# Is this possible?



## jabrewer75 (Jan 25, 2013)

I have a small table that I'd like to put a layout on. The surface measures only 15" wide. I was wondering if it's possible to get the turning radius tight enough to fit this space? 
Thanks,Aaron


----------



## sstlaure (Oct 12, 2010)

I think standard minimum radius for N scale is 9" or an 18" wide minimum diameter circle. If you stuck with shorter length engines/rolling stock you would be able to do it with the size you have.

You could easily put a slightly larger top on the table to gain the additional width necessary to maintain a minimum radius >9". I would think 22" wide would be just about perfect.


----------



## jabrewer75 (Jan 25, 2013)

Ok, cool. Thanks. I'm going to give it shot.


----------



## NIMT (Jan 6, 2011)

I'm thinking your going to have to drop down to Z scale!


----------



## timlange3 (Jan 16, 2013)

N scale would be 9" radius, if you run four axle engine and short cars you can do 15" diameter, but only 2-3 cars at most. Z scale would be quite doable though.

Most people design the railroad they want and find a table to fit though!


----------



## jabrewer75 (Jan 25, 2013)

Space is very limited. I have a flat screen tv that sits on the table. So I had the thought that it'd be a fun little project to build a relatively simple layout in the remaining space.
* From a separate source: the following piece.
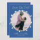 Annoncez la date de votre mariage à votre famille et à vos amis avec cette carte de sauvegarde de date de mariage photo conçue avec des cœurs dorés sur fond bleu. Pour la personnaliser, remplacez simplement la photo par votre image préférée en utilisant notre modèle. Cliquez sur AJUSTER ou REMPLIR pour couvrir l'espace et assurez-vous de centrer dans le cercle. Ensuite, insérez votre texte dans le modèle, en remplaçant les noms et la date de l'exemple. Le texte de couleur dorée au recto comprend : Sauvegarder la date, les prénoms de la mariée et du marié et la date du mariage.

If I do N, the train will be just be a small diesel with probably a few tank cars. I am considering putting a slightly larger board on top of the table to accomidate it. Z scale is also a really good idea and something I'm considering but I'm not sure if I want to do that small of a scale.


----------



## Don Trinko (Oct 23, 2012)

I would consider your idea of putting a larger board on the table. You can then remove the "layout" when you want to use the table as a table.
My N scale is a 24" circle with some added straights. I think 15" would impose some severe limits. All IMO; Don


----------